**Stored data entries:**
·····
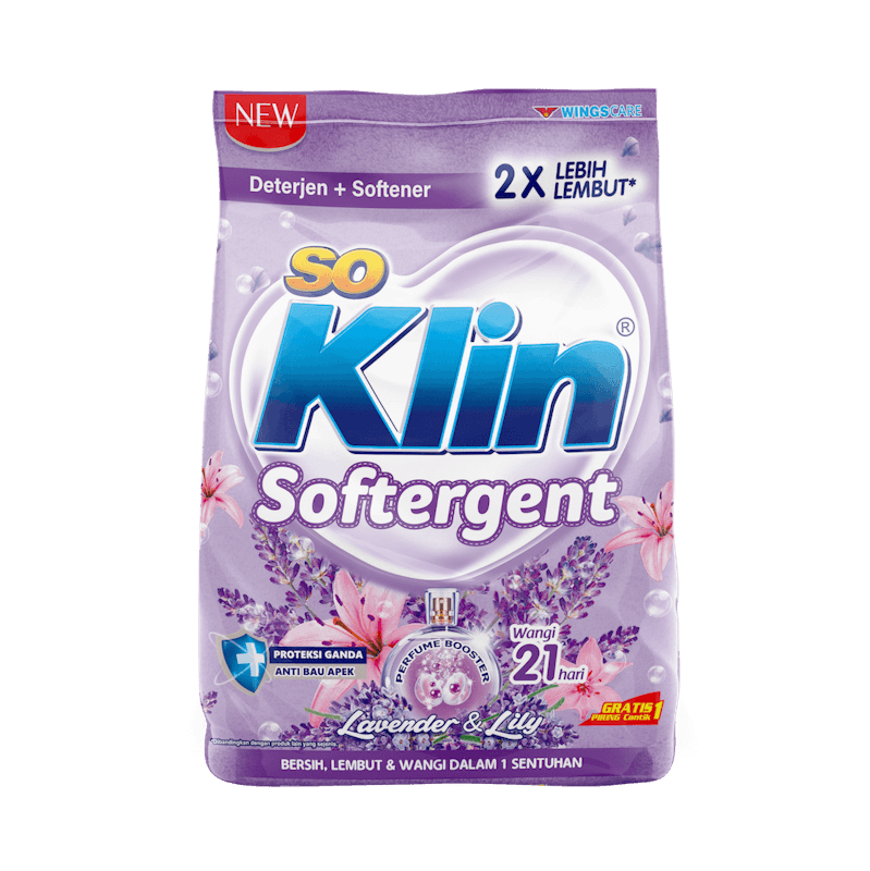 Soklin Deterjen Bubuk Softergent Lavender & Lily memberikan kelembutan dan keharuman tahan lama pada pakaian dengan formula inovatif dan teknologi Perfume Booster.
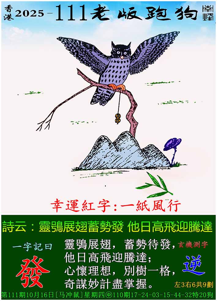 主题 : 111期老版跑狗一字記之曰:【發】 玄機測字:《逆》
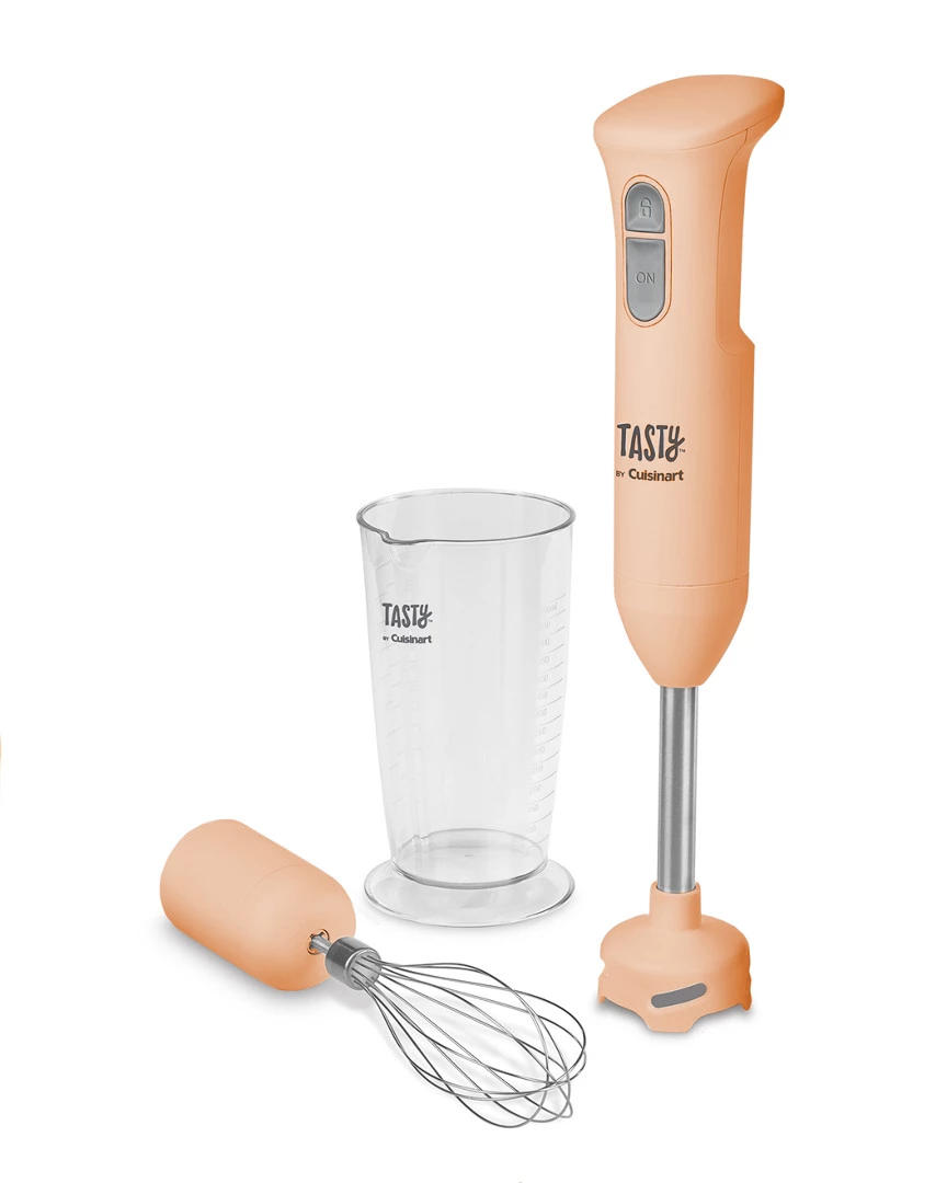 - Blend in a cup, puree in a pot, mix in a pitcher. Just add your ingredients and dip in! A hand-blender is the best thing that ever happened to blending. The stainless steel blending shaft gets down and dirty, then cleans up in a flash in the dishwasher. Crazy about creamy soups? Salivate over salad dressings? Passionate about your protein shakes? With 200 watts of power available with the touch of a button, and a Tasty™ recipe book with more ideas if you run out, this is a blender you’re going to spend a lot of quality time with! 200 Watts of PowerBlender and Chef’s WhiskErgonomic comfort grip handleStainless steel blending shaftOne-touch operation24-ounce mixing beakerSafely lock/unlockLimited 18-month warranty
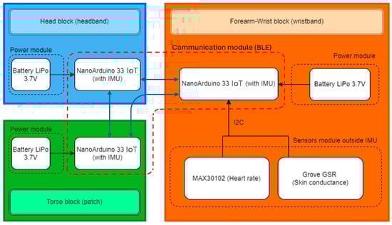A monitoring system is proposed in this paper that consists of three wearable device supports, namely a wristband, a headband, and a torso patch, as indicated in Figure 2. The wristband on the wrist serves as the central hub, containing several sensors, while the headband and torso patch house mainly IMU sensors. The used IMU sensors are IMU MPU6050 (2.5 × 3 × 0.83 mm, +16 g range) [23], integrated in Arduino 33 IoT [24], the heart rate sensor Analog MAX30102 (5.6 × 3.3 × 1.55, 1000 pulse/s range) [25], and the galvanic skin Grove GSR sensor (20 × 20 mm and 2000 mS range) [26]. The wristband houses a heart rate sensor and a skin response GSR sensor that can be used to monitor physiological signals indicating stress and aggressiveness. The wristband is provided with an IMU to monitor the arm motion at the level of the wrist. The torso unit uses an IMU to monitor the motion of the torso; likewise, the head unit is equipped with another IMU. Each unit is provided with an Arduino 33 IoT (45 × 18 × 2 mm) [18] for data acquisition and handling.
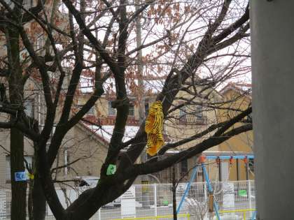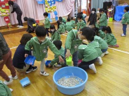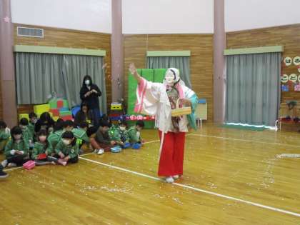 みんなで力を合わせて鬼を追い出すと、どこからかきれいな琴の音色が聞こえてきました。すると、福の神が来てくださり、春の訪れと幸せを運んでくれました。鬼が来て不安そうにしていた子供たちも福の神から幸せと美味しいお菓子をもらい、嬉しそうにしていました。みんなで遊戯室の豆を拾い片付けた後、保育室に戻ると園庭の桜の木に鬼のパンツが!子供たちは「鬼さん慌てて帰ろうとしてひっかかったのかな?」「忘れた鬼のパンツ!取りにくるかも?」「嫌だ!怖いよ…」「また来ても豆を投げて追い出せるから大丈夫」と話していました。
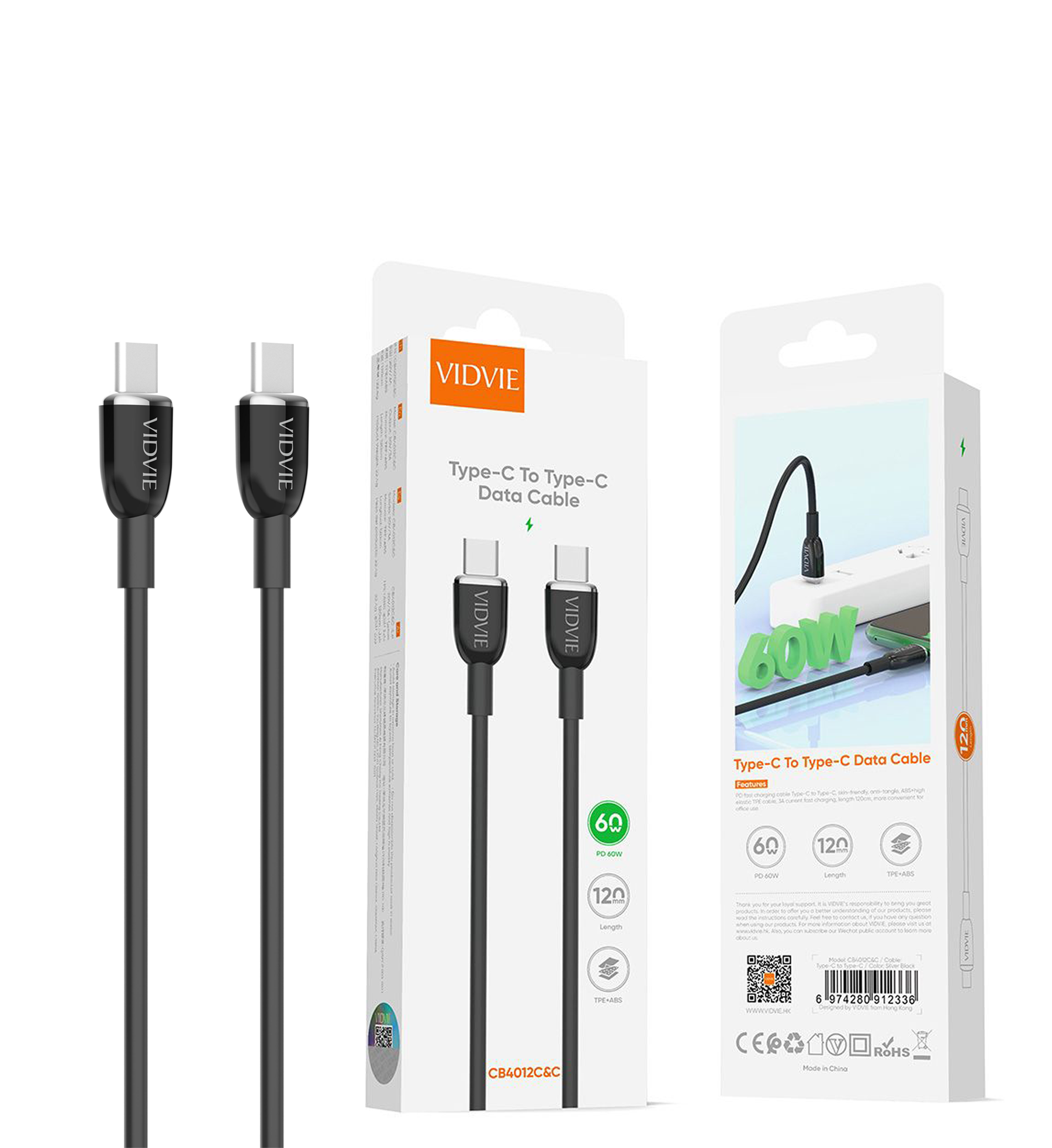 Introducing the VidVie CB4012C&C, the ultimate USB-C to Type-C cable for all your charging needs. With lightning-fast charging capabilities, this cable will power up your mobile phone, tablet, or laptop notebook at unprecedented speeds.
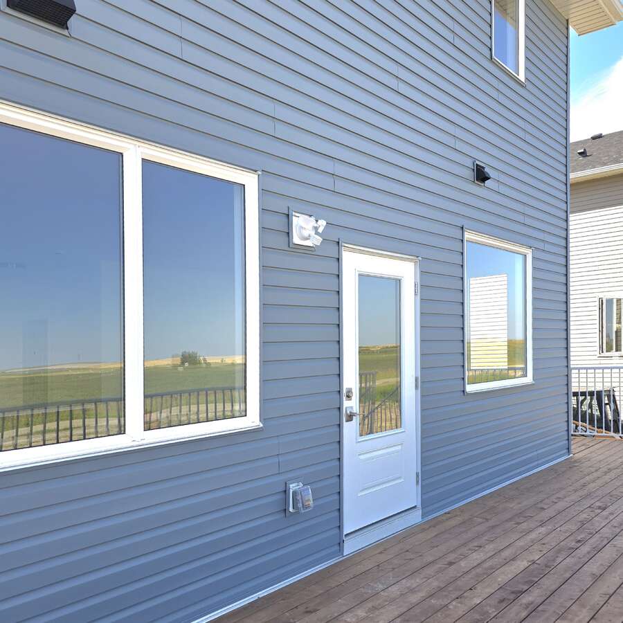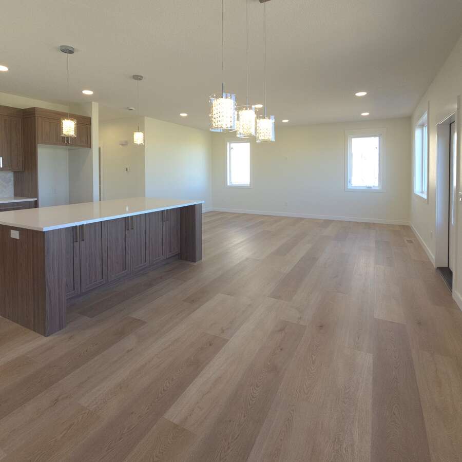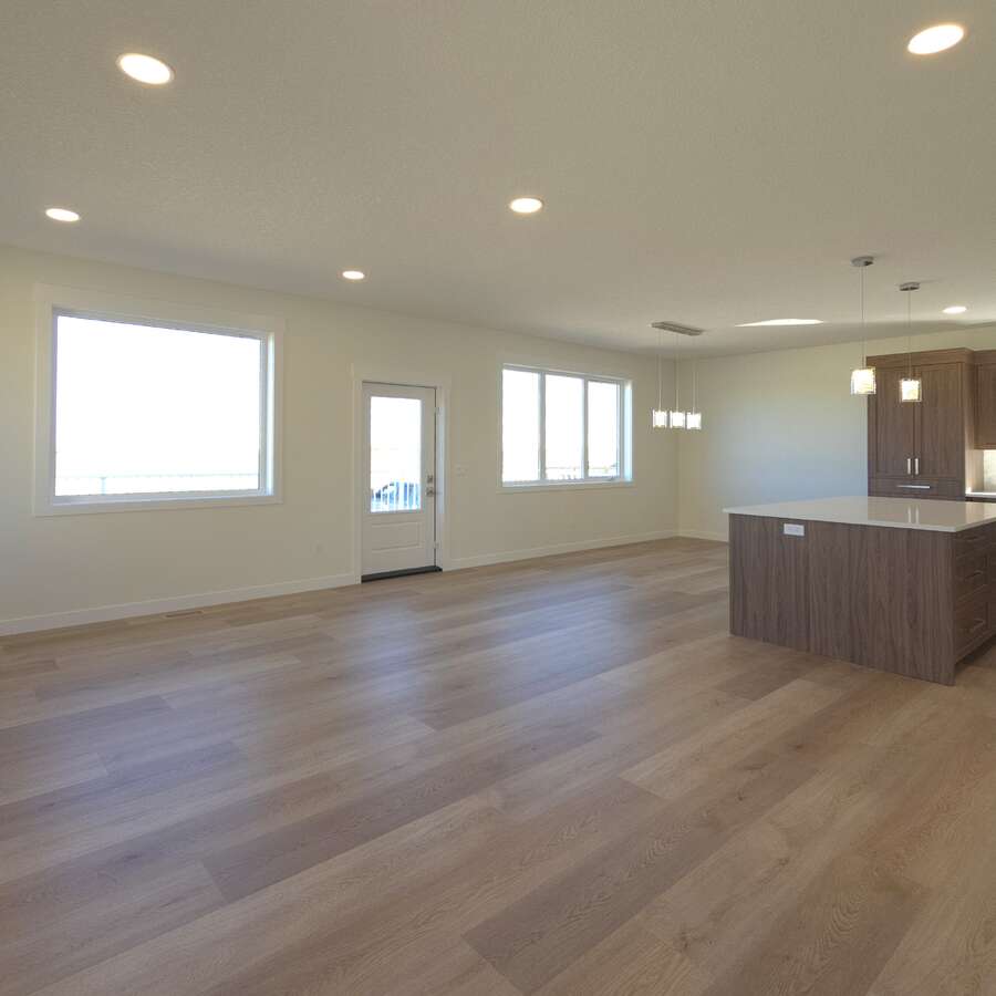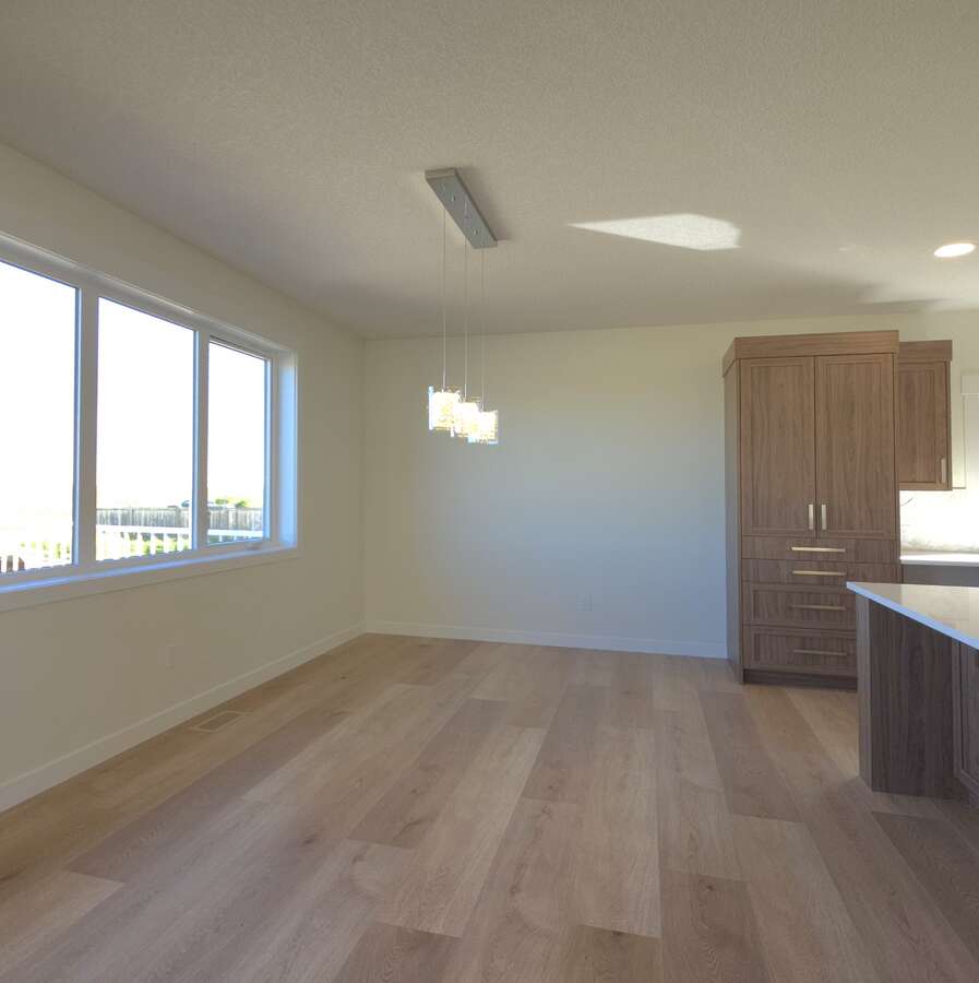 The main floor, facing north, opens into a combined kitchen, dining and living room area with nine foot ceilings. With the big, blue sky on display out the back windows the prairie offers up an undeniable feeling of wide open space.
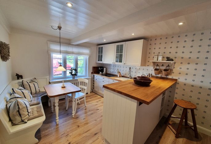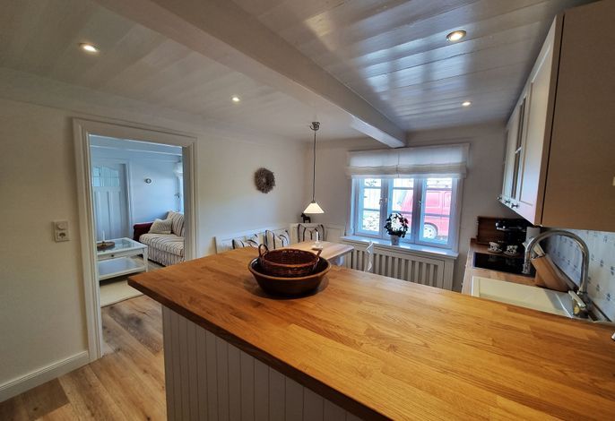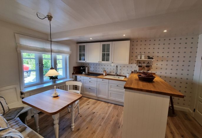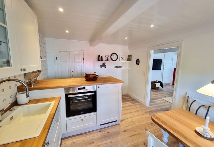 Vom Wohnzimmer gelangen Sie direkt in die separate Küche. Diese ist ausgestattet mit einem Backofen, Mikrowelle, Nespresso- Maschine und allem, was man zum Kochen braucht. In der Küche gibt es eine gemütliche Einbausitzecke, die zum Verweilen und Klönen einlädt.
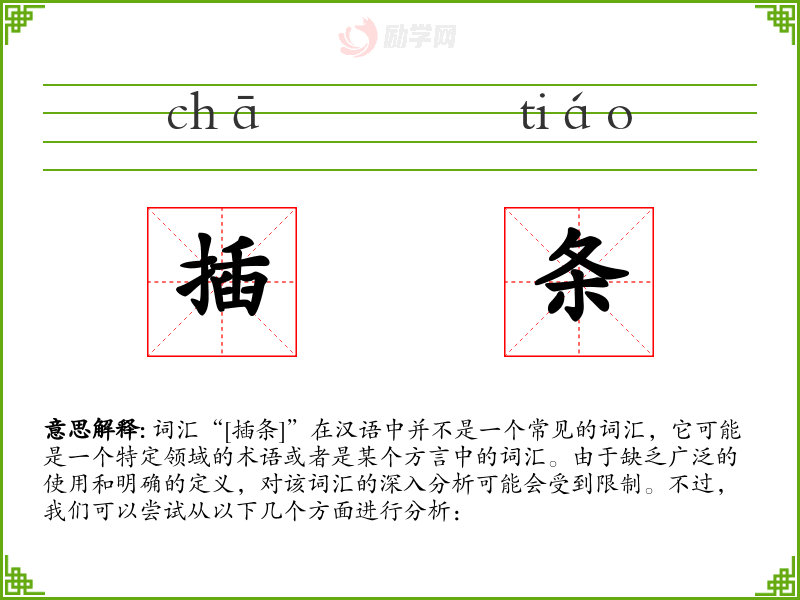 综上所述,由于“[插条]”不是一个标准汉语词汇,对其进行深入分析存在一定的困难。如果该词汇是某个特定领域的术语或者是某个方言中的词汇,那么对其的理解和分析将需要更多的背景知识和具体语境的支持。
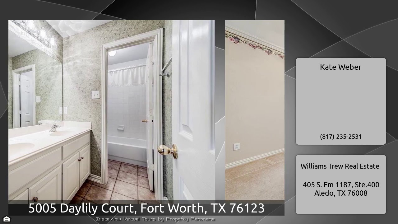 The Virtual Tour for the property at 5005 Daylily Court, Fort Worth, TX 76123 listed for $334,900: Other homes for sale by Kate Weber of Williams Trew Real Estate: Adorable, meticulously maintained one-owner home in Fort Worth's Hulen Heights! Entry welcomes you into large foyer with tall ceilings, private study with french doors, & oversized formal dining area. Open floor plan includes beautiful eat-in kitchen overlooking living area with custom built-ins & fireplace. Master suite boasts oversized bedroom with seating area & bay windows, jetted bathtub, separate shower, & huge walk in …
·····
**Task requirements:** While skipping the pictures, transcribe the data above from the line showing "主题 : 111期老版跑狗一字記之曰:【發】 玄機測字:《逆》" through the line showing "- Blend in a", exactly and with both ends.

**Solution to this problem:**
 主题 : 111期老版跑狗一字記之曰:【發】 玄機測字:《逆》
 - Blend in a cup, puree in a pot, mix in a pitcher. Just add your ingredients and dip in! A hand-blender is the best thing that ever happened to blending. The stainless steel blending shaft gets down and dirty, then cleans up in a flash in the dishwasher. Crazy about creamy soups? Salivate over salad dressings? Passionate about your protein shakes? With 200 watts of power available with the touch of a button, and a Tasty™ recipe book with more ideas if you run out, this is a blender you’re going to spend a lot of quality time with! 200 Watts of PowerBlender and Chef’s WhiskErgonomic comfort grip handleStainless steel blending shaftOne-touch operation24-ounce mixing beakerSafely lock/unlockLimited 18-month warranty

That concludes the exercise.